To undo the effects of this, track down the file pointed to by evaluating this

ToFileName[{$UserBaseDirectory, "SystemFiles", "FrontEnd",
"StyleSheets"}, "Package.nb"]

and delete it. Make sure you're not editing any packages when you attempt to
delete the file.


John Fultz
User Interface Group
Wolfram Research, Inc.

On Mon, 24 Aug 2009 07:55:26 -0400 (EDT), Yves Klett wrote:
> Benjamin,
> since Version 6, .m files can be handled quite nicely, including syntax
> highlighting and everything.

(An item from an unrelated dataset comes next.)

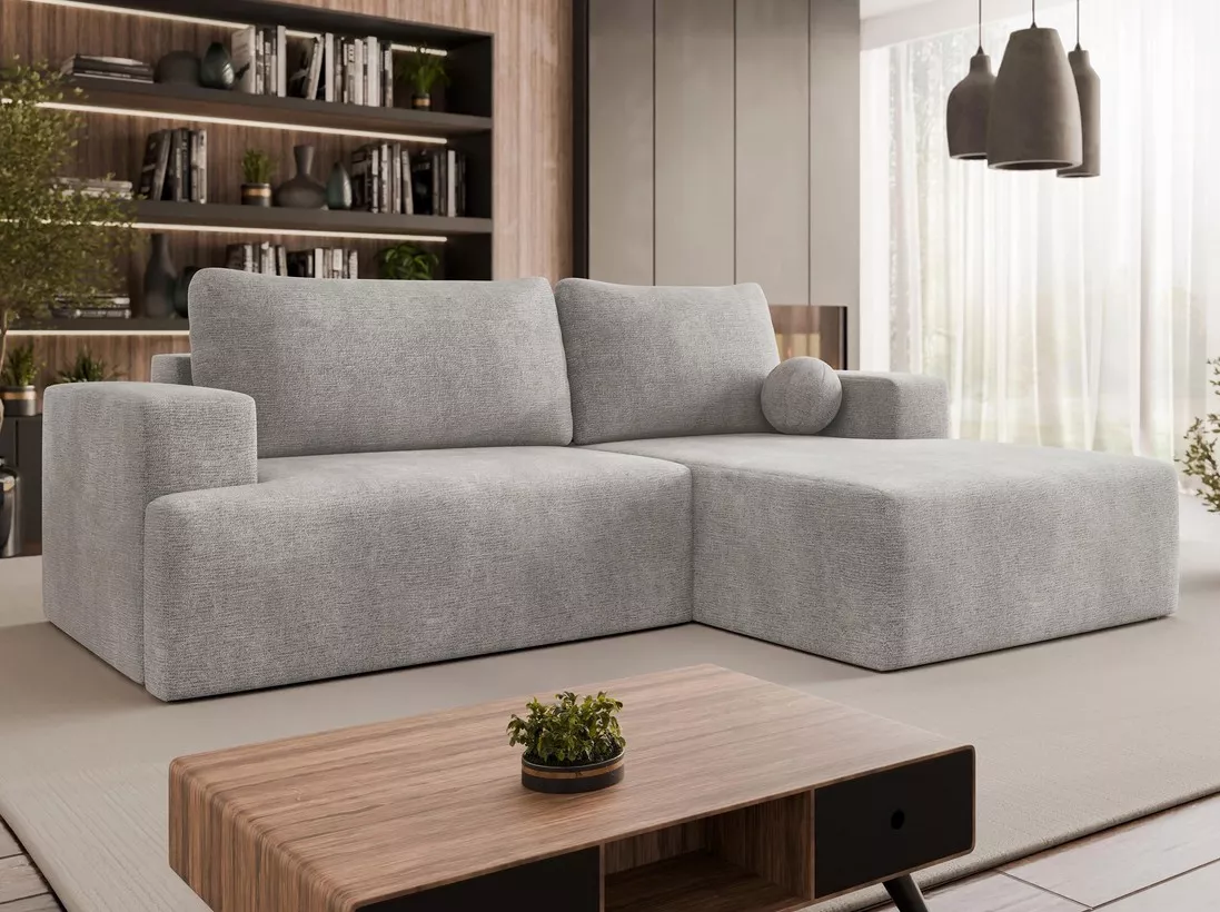 Rohová rozkladacia sedačka ILUDIA - strieborná, pravý roh

Also, headings and some other formats are
> retained.
> All previous initialization cells have a different cell style if you
> open the .m directly: They are rendered in "Code". This cellstyle
> obviously does no linewrapping. If you format long lines as "Input",
> wrapping is done immediately.
> I presume there must be some option to turn linewrapping for certain
> cell style, but I did not find it (not that I've been searching hard).
> So the question is: how to turn on linewrapping for cellstyles?
> Also, .m files are always opened in a small window and do not remember
> changed window size etc. - also quite annoying.
> Any tips would be appreciated.
> Regards,
> Yves
> Benjamin Hell schrieb:
>> Hi,
>> this is a real beginner question for packages in mathematica. When I
>> view a package (.m) file in mathematica, the mathematica editor doesn't
>> show any indentation nor does any automatic line breaks when scaling the
>> window. So whereas my code can be read quite well in a standard
>> mathematica notebook, it looks ugly in a package file. Is there any way
>> to setup some viewing options to change that behaviour?
>> Thanks in advance,
>> Benjamin


Aug 28, 2009, 12:42:15 AM8/28/09


A tangential question: Is there a way to make the Front End substitute
spaces for tabs, when I press the Tab key? I'm looking to imitate the
same behavior available in the Workbench editor (I prefer to format
the whitespace of package files with spaces instead of tabs).

Thank you,

Vince Virgilio

John Fultz

Aug 31, 2009, 6:35:18 AM8/31/09

No, but we can certainly consider that for the future feature list.